Task to carry out>
For the data below, transcribe the part that opens with the line containing "嚟元朗食飯嘅話呢一間一定係我" and closes with the line containing "用手指拖动灯泡到合适位置,使", exactly and with no pictures.

Provided material>
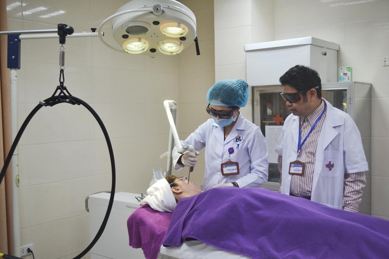 Bác sĩ da liễu laser cho bệnh nhân. Ảnh: LP
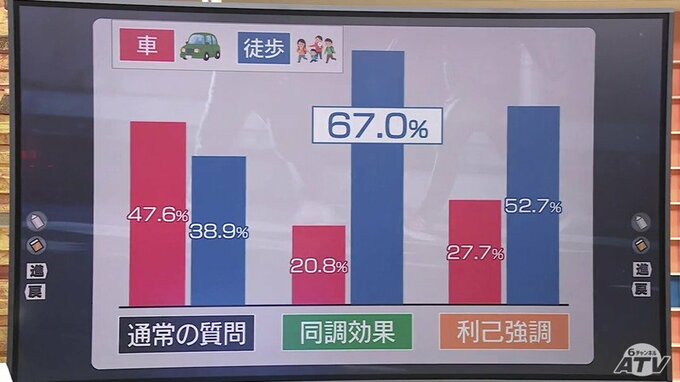 通常の質問のときは「徒歩避難」が38.9%でしたが、①同調効果のある質問では「徒歩避難」が67%。②利己強調の質問は「徒歩避難」が52.7%となりました。
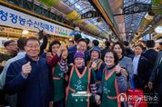 ㈜한국탑뉴스 차복원 기자 | 이재명 대통령은 30일 오후 제주 타운홀미팅 '제주의 마음을 듣다' 종료 후, 김혜경 여사와 함께 1박 2일 제주 일정의 마지막 일정으로 동문시장을 방문했다. 동문시장은 제주시 도심에 위치한 대표적인 전통시장으로, 대통령 부부의 방문 소식에 상인들과 방문객들은 놀라움 속에 환호와 박수로 이들을 맞이했다. 입구에 서 있던 한 외국인 관광객은 어디서 왔냐는 이 대통령의 질문에 “오스트레일리아”고 답하기도 했다. 이 대통령 부부는 셀카촬영과 악수를 이어가며 과일모찌 가게에 들러 온누리상품권으로 한라봉모찌와 딸기모찌를 구입해 즉석에서 강유정 대변인, 하정우 수석 등과 함께 시식했다. 이동 내내 이어지는 셀카요청에도 이 대통령 부부는 반갑게 응했다. 그러자 시장을 찾은 많은 도민들은 이동 중인 이 대통령 부부를 향해 "사랑해요", "와 대박", "화이팅"을 외치는 소리로 화답했다. 이 대통령은 특히 어린이들의 사진 요청에 적극적으로 답했다. "애기 있어요"라는 소리가 들리면 발걸음을 멈추고 아이들과 하이파이브를 하거나 반갑게 셀카를 찍었다. 또한 강아지를
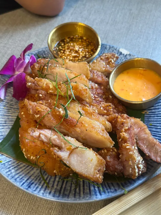 嚟元朗食飯嘅話呢一間一定係我嘅首選。我哋叫咗一個泰式拼盤入邊有蝦餅,魚餅炸雞翼同埋炸春卷。貪心嘅人叫呢一個拼盤就好心滿意足。蝦餅嘅蝦肉超級爽口彈牙,魚餅好香香茅味,炸雞翼同炸蔥卷雖然係大路菜式,但係好香口一定好食。燒豬頸肉係呢一餐飯嘅MVP,非常之Juicy,香香甜甜,肥妹仔係未食過咁好食嘅燒豬頸肉。肥妹仔叫咗一個泰式蝦醬肉碎炒飯,蝦醬味超香濃,一啲都唔腥,豉油味同蝦醬味嘅比例剛剛好,仲有一個非常好食嘅配菜就係泰國臘腸,超級好食。甜品方便我哋叫咗個奶茶雪山,泰式奶茶嘅味好香濃。查看更多
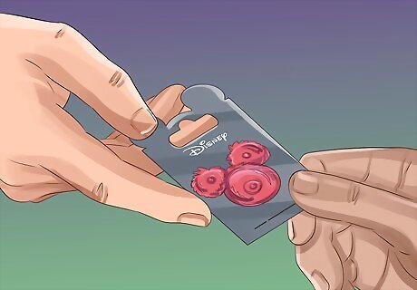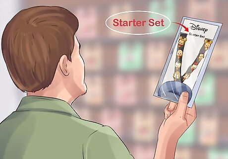 Buy a starter set at a Disney park if you want to see the pins in person. Trading pin starter sets are sold at Disney theme park stores. The starter sets usually include 4 pins and a lanyard for $24.95. Pins are also sold individually in stores, though they are around $6.95-$19.95 each, so getting a starter pack can be a better deal. Some Disney stores also offer mystery bags of pins at a discounted price. This is also a good option since the goal is to trade pins, and the ones you get in the bag don’t necessarily have to be ones that you like.
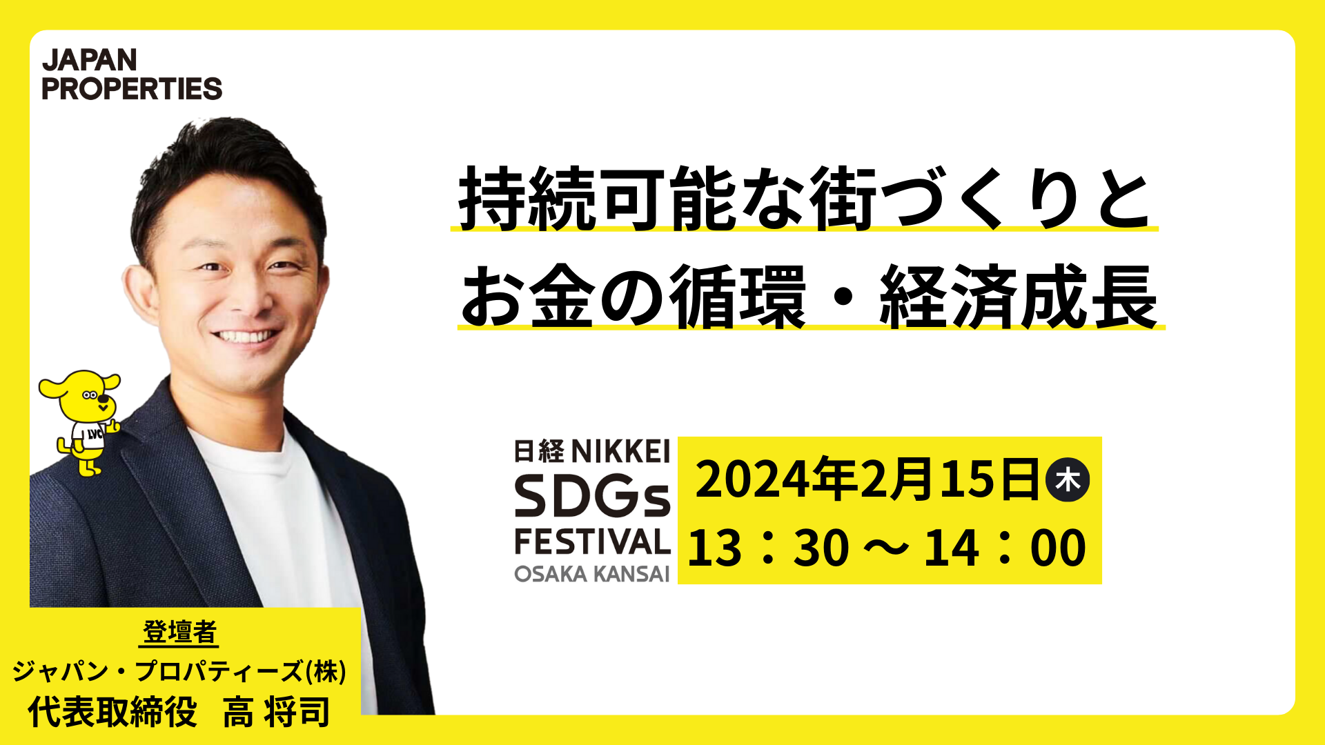 不動産クラウドファンディング「LEVECHY」やオフィス再生事業「JP-BASE」を展開する当社は、2024年2月15日(木)開催のDay2にて、『万博とまちづくり』をテーマに、当社が考える「持続可能な街づくりとお金の循環・経済成長」について講演いたします。
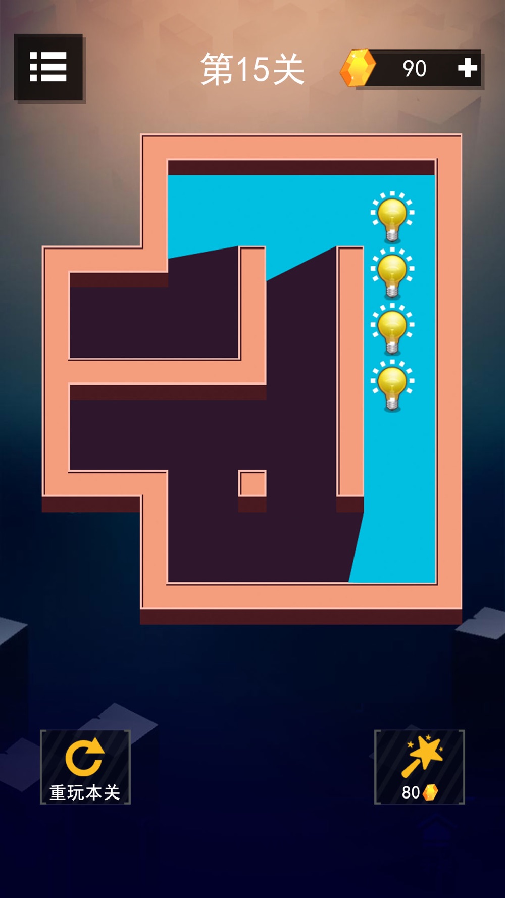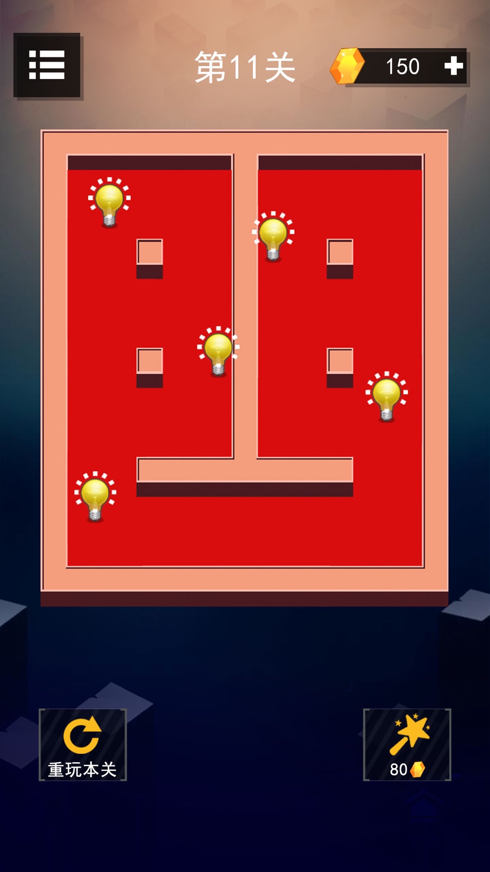 用手指拖动灯泡到合适位置,使所有的灯泡可以照亮房间每一个角落。需要注意的是房间内障碍物的位置,它们会遮挡一部分的光。
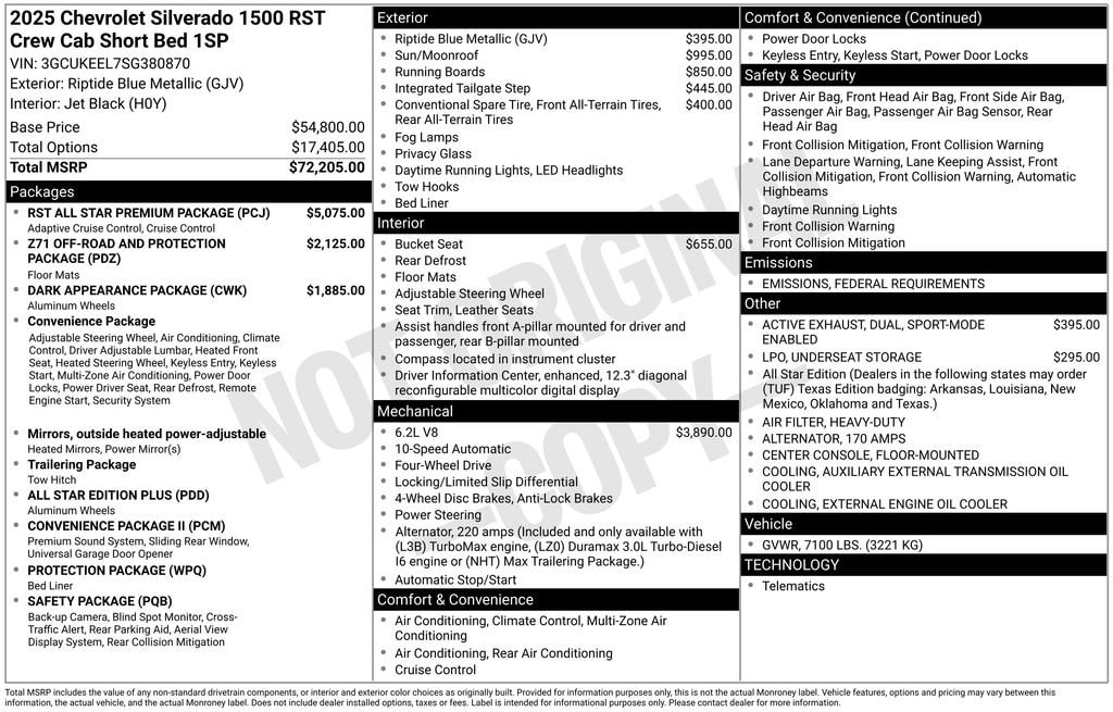 Jim Ellis Chevrolet is very proud to offer this hard-working 2025 Chevrolet Silverado 1500 RST in Riptide Blue Metallic Beautifully equipped with All Star Edition Plus (Wheels: 20 x 9 Painted Aluminum), Convenience Package (10-Way Power Driver Seat w/Lumbar, 120-Volt Bed Mounted Power Outlet, 120-Volt Interior Power Outlet, Dual Rear USB Ports (Charge Only), Dual-Zone Automatic Climate Control, Electric Rear-Window Defogger, Heated Driver & Front Outboard Passenger Seats, Heated Steering Wheel, Keyless Open & Start, LED Cargo Area Lighting, Manual Tilt/Telescoping Steering Column, Remote Vehicle Starter System, Theft Deterrent System (Unauthorized Entry), and Wrapped Steering Wheel), Convenience Package II (Hitch Guidance w/Hitch View, In-Vehicle Trailering System App, Power Sliding Rear Window w/Rear Defogger, Premium Bose 7-Speaker Sound System, and Universal Home Remote), Dark Appearance Package (Wheels: 20 x 9 High Gloss Black Painted Alum), High Capacity Suspension Package, Leather Package (Leather-Appointed Front Seat Trim), Preferred Equipment Group 1SP (12.3 Multicolor Reconfigurable Digital Display, 6-Speaker Audio System, All-Star Edition, Auto-Locking Rear Differential, Bluetooth® For Phone, Color-Keyed Carpeting Floor Covering, Deep-Tinted Glass, Electronic Cruise Control, EZ Lift Power Lock & Release Tailgate, Front Frame-Mounted Black Recovery Hooks, Front LED Fog Lamps, Front Rubberized Vinyl Floor Mats, HD Rear Vision Camera, Heated Power-Adjustable Outside Mirrors, High Gloss Black Mirror Caps, Inside Rear-View Mirror w/Tilt, Integrated Trailer Brake Controller, OnStar Services Capable, Power Front Windows w/Driver Express Up/Down, Power Front Windows w/Passenger Express Down, Power Rear Windows w/Express Down, Rear 60/40 Folding Bench Seat (Folds Up), Rear Rubberized-Vinyl Floor Mats, SiriusXM w/360L Trial Subscription, Standard Tailgate, Steering Wheel Audio Controls, Teen Driver, Tire Pressure Monitoring System, and Wi-Fi Hot Spot Capable), Protection Package (Chevytec Spray-On Black Bedliner and Rear Wheelhouse Liners), RST All Star Premium Package (Adaptive Cruise Control), Safety Package (HD Surround Vision, Perimeter Lighting, Rear Cross Traffic Braking, Rear Pedestrian Alert, Trailer Camera Provisions, Trailer Side Blind Zone Alert, and Ultrasonic Front & Rear Park Assist), Standard Suspension Package, Trailering Package (Hitch Guidance), Up-Level Rear Seat w/Storage Package, Z71 Off-Road & Protection Package (All-Weather Floor Liner (LPO) (AAK)), Z71 Off-Road Package (Dual Exhaust w/Polished Outlets, Heavy-Duty Air Filter, Hill Descent Control, and Off-Road Suspension), 10-Speed Automatic, 4WD, Black Leather, 170 Amp Alternator, 2 USB Data Ports, 220 Amp Alternator, 3.23 Rear Axle Ratio, 4-Wheel Disc Brakes, 4 Black Round Assist Steps (LPO), 40/20/40 Front Split-Bench Seat, 6 Speakers, ABS brakes, Air Conditioning, Alloy wheels, AM/FM radio: SiriusXM with 360L, Apple CarPlay/Android Auto, Auto High-beam Headlights, Automatic Emergency Braking, Automatic temperature control, Auxiliary External Transmission Oil Cooler, Brake assist, Bumpers: body-color, Cloth Seat Trim, Compass, Cruise Control, Delay-off headlights, Driver door bin, Driver vanity mirror, Dual Active Exhaust, Dual front impact airbags, Dual front side impact airbags, Electronic Stability Control, Electronic Transmission Range Selector Shifter, Emergency communication system: OnStar, External Engine Oil Cooler, Floor Mounted Center Console, Following Distance Indicator, Forward Collision Alert, Front anti-roll bar, Front Bucket Seats, Front Center Armrest w/Storage, Front dual zone A/C, Front fog lights, Front Pedestrian Braking, Front reading lights, F Price does not include Tax, Title and Dealer Fees. $2500 - Chevrolet GM Financial APR & NCC Consumer Cash Program: $2500 discount and 6.39% APR for 36 months. $30.60 per $1000 financed. Available to well qualified buyers who finance through GM Financial. XGQ, NCC. Exp. 12/01/2025

Solution to this exercise>
 嚟元朗食飯嘅話呢一間一定係我嘅首選。我哋叫咗一個泰式拼盤入邊有蝦餅,魚餅炸雞翼同埋炸春卷。貪心嘅人叫呢一個拼盤就好心滿意足。蝦餅嘅蝦肉超級爽口彈牙,魚餅好香香茅味,炸雞翼同炸蔥卷雖然係大路菜式,但係好香口一定好食。燒豬頸肉係呢一餐飯嘅MVP,非常之Juicy,香香甜甜,肥妹仔係未食過咁好食嘅燒豬頸肉。肥妹仔叫咗一個泰式蝦醬肉碎炒飯,蝦醬味超香濃,一啲都唔腥,豉油味同蝦醬味嘅比例剛剛好,仲有一個非常好食嘅配菜就係泰國臘腸,超級好食。甜品方便我哋叫咗個奶茶雪山,泰式奶茶嘅味好香濃。查看更多
 Buy a starter set at a Disney park if you want to see the pins in person. Trading pin starter sets are sold at Disney theme park stores. The starter sets usually include 4 pins and a lanyard for $24.95. Pins are also sold individually in stores, though they are around $6.95-$19.95 each, so getting a starter pack can be a better deal. Some Disney stores also offer mystery bags of pins at a discounted price. This is also a good option since the goal is to trade pins, and the ones you get in the bag don’t necessarily have to be ones that you like.
 不動産クラウドファンディング「LEVECHY」やオフィス再生事業「JP-BASE」を展開する当社は、2024年2月15日(木)開催のDay2にて、『万博とまちづくり』をテーマに、当社が考える「持続可能な街づくりとお金の循環・経済成長」について講演いたします。
 用手指拖动灯泡到合适位置,使所有的灯泡可以照亮房间每一个角落。需要注意的是房间内障碍物的位置,它们会遮挡一部分的光。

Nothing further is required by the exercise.